[Dataset records]:
§ §
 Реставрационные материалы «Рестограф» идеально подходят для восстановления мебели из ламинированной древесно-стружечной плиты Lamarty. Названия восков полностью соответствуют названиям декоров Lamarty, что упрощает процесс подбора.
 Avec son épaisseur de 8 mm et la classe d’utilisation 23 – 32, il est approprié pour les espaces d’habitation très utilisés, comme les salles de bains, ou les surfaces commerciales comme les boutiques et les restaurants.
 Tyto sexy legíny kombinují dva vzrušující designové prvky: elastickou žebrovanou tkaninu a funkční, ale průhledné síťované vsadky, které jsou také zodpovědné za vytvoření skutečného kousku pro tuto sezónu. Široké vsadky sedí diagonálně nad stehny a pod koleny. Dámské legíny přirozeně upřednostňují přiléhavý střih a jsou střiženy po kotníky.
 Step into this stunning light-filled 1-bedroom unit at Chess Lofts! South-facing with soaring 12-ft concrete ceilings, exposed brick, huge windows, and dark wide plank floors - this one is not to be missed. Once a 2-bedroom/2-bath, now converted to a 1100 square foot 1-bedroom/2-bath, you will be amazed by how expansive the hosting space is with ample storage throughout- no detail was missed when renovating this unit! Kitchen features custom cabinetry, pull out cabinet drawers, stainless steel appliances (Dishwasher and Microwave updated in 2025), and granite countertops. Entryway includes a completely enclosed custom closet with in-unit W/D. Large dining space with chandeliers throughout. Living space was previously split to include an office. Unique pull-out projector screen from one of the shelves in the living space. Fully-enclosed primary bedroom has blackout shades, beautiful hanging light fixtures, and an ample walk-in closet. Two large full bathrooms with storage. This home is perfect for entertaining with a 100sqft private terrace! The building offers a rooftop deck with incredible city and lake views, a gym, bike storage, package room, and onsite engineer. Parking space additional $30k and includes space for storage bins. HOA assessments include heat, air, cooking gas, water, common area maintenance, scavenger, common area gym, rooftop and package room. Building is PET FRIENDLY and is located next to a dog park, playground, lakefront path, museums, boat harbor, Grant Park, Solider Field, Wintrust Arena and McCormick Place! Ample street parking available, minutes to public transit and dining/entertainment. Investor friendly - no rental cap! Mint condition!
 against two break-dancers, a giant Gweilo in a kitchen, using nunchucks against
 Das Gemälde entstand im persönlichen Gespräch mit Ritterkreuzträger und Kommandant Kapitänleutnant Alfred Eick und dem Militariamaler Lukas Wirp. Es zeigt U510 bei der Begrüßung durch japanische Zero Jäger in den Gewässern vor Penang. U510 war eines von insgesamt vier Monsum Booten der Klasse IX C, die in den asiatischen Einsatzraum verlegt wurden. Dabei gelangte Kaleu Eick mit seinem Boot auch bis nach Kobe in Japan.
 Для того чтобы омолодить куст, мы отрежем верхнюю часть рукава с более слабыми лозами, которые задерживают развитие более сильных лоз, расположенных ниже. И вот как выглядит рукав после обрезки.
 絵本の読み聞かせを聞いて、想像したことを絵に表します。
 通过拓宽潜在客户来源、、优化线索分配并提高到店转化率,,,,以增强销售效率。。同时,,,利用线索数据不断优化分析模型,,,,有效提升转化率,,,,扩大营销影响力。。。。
§ §
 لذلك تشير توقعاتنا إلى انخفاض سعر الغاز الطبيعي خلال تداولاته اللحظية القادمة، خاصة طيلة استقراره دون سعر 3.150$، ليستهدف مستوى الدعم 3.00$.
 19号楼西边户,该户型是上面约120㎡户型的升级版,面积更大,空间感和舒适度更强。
§ §
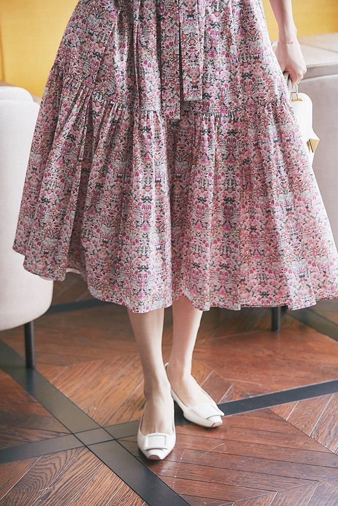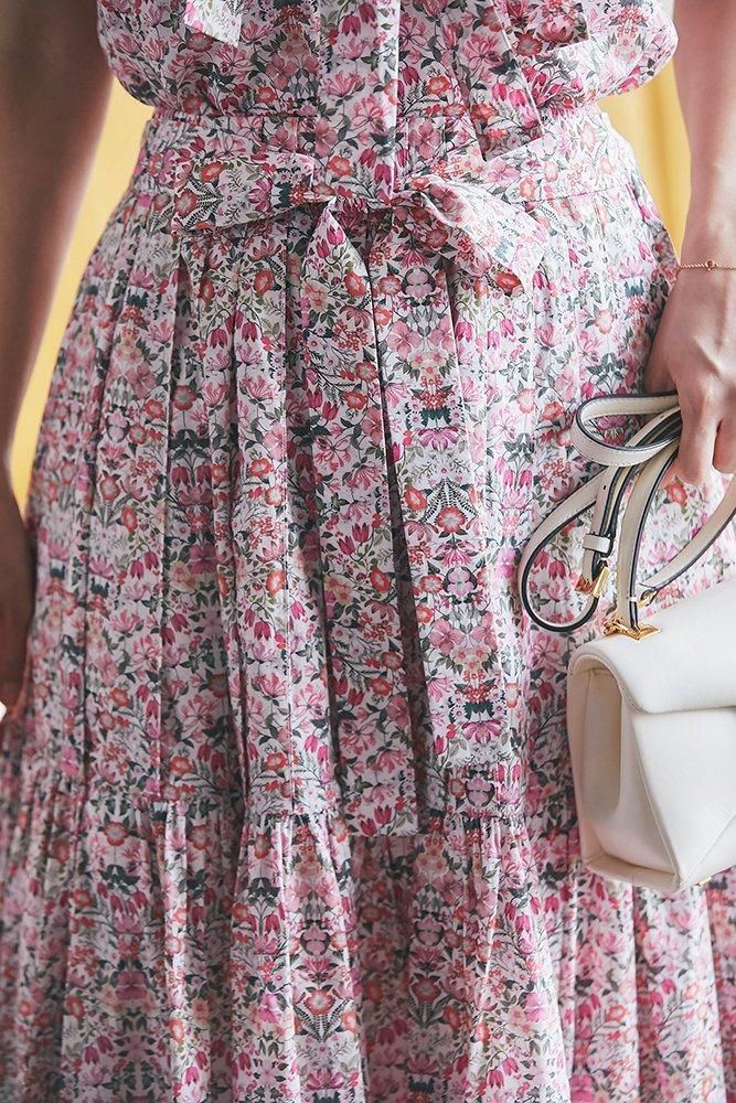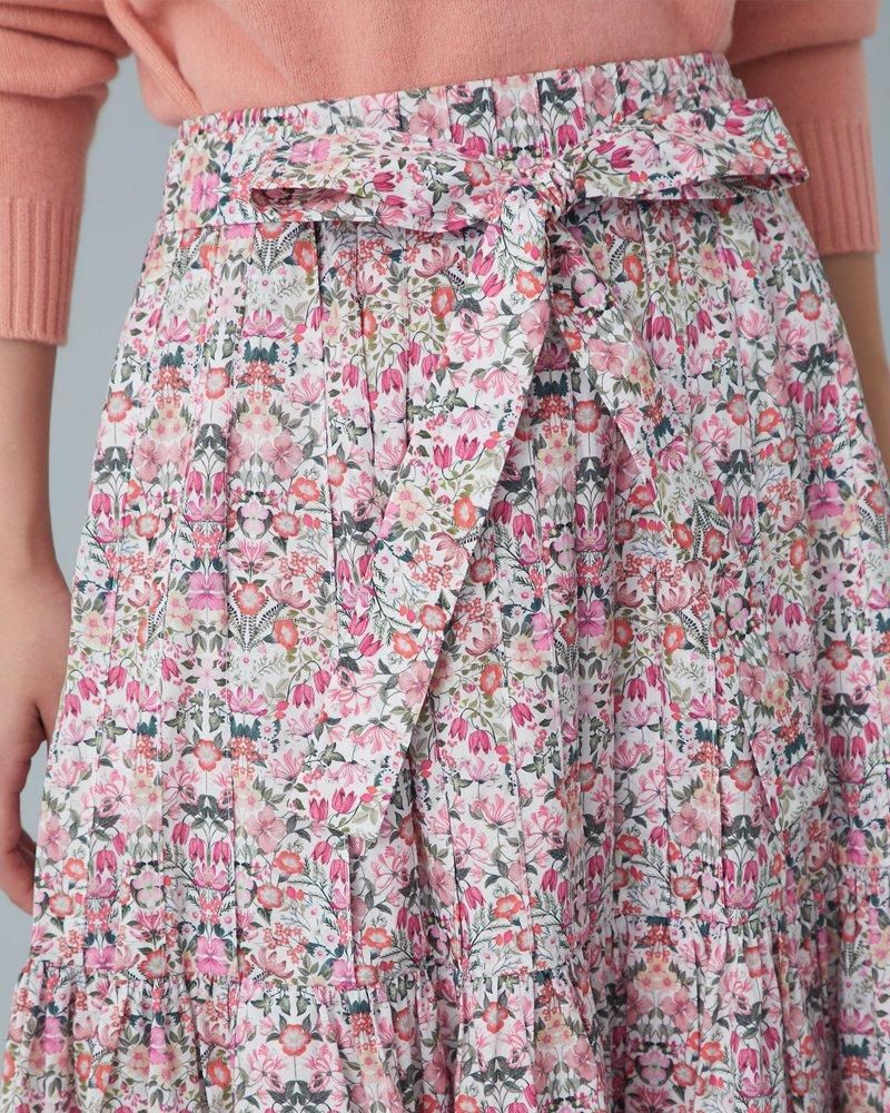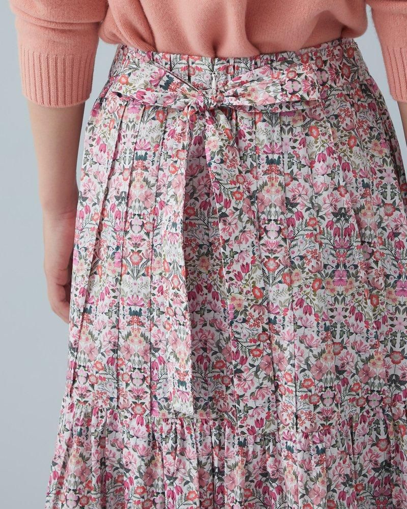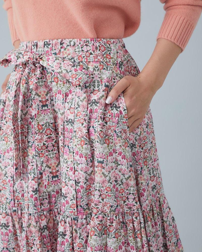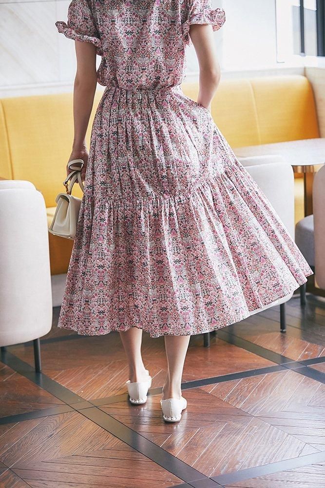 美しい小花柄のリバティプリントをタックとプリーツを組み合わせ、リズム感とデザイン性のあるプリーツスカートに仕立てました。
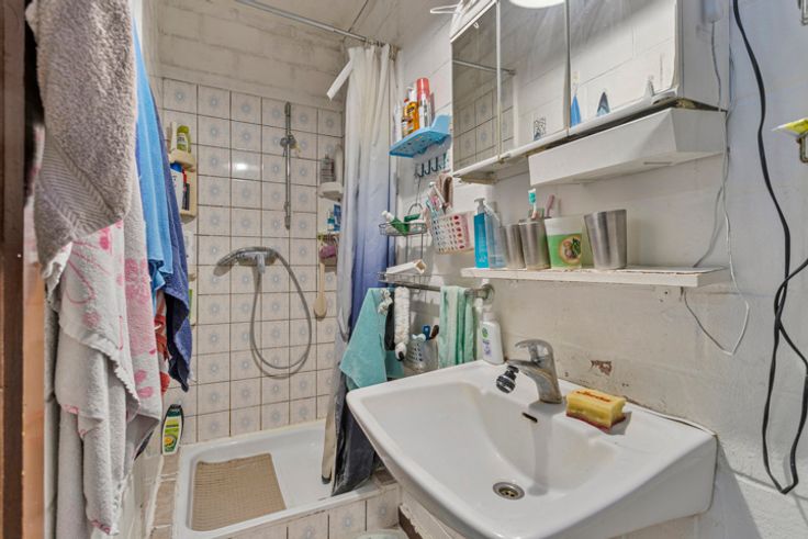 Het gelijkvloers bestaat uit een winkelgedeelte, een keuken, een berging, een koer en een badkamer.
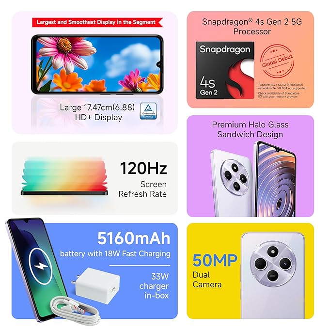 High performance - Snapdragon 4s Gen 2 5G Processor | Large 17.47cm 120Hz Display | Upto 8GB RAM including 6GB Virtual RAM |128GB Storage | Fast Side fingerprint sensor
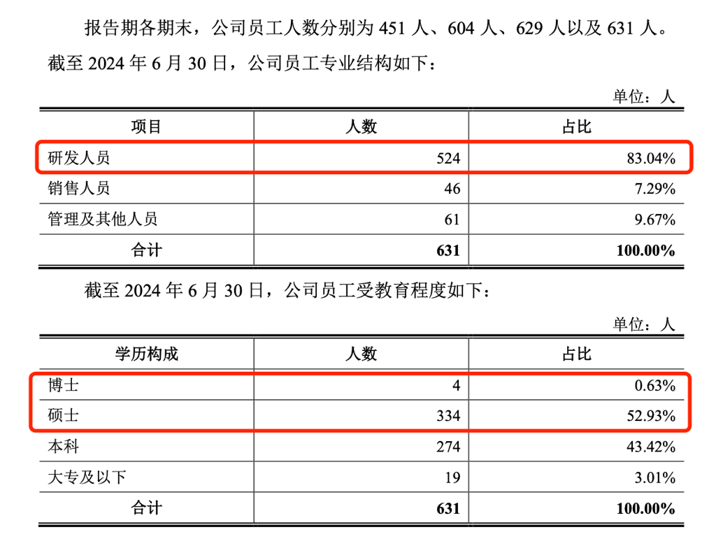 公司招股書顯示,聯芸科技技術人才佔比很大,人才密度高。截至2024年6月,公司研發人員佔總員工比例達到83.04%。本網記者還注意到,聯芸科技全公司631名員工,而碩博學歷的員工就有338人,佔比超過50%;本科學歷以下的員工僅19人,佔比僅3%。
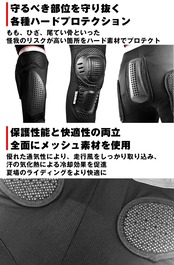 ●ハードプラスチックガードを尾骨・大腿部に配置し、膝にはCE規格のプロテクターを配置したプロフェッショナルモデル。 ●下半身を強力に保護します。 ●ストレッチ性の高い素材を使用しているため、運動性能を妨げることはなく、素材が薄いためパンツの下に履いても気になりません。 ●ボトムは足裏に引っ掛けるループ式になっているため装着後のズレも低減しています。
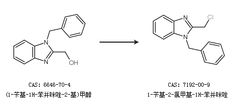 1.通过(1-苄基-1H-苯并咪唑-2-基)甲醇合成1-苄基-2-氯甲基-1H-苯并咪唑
§ §
[About this exercise]: Produce a word-for-word copy of everything above from the line holding "упрощает процесс подбора." down to the line holding "Tyto sexy legíny", with both of those lines kept.

[Result of the task]:
 Реставрационные материалы «Рестограф» идеально подходят для восстановления мебели из ламинированной древесно-стружечной плиты Lamarty. Названия восков полностью соответствуют названиям декоров Lamarty, что упрощает процесс подбора.
 Avec son épaisseur de 8 mm et la classe d’utilisation 23 – 32, il est approprié pour les espaces d’habitation très utilisés, comme les salles de bains, ou les surfaces commerciales comme les boutiques et les restaurants.
 Tyto sexy legíny kombinují dva vzrušující designové prvky: elastickou žebrovanou tkaninu a funkční, ale průhledné síťované vsadky, které jsou také zodpovědné za vytvoření skutečného kousku pro tuto sezónu. Široké vsadky sedí diagonálně nad stehny a pod koleny. Dámské legíny přirozeně upřednostňují přiléhavý střih a jsou střiženy po kotníky.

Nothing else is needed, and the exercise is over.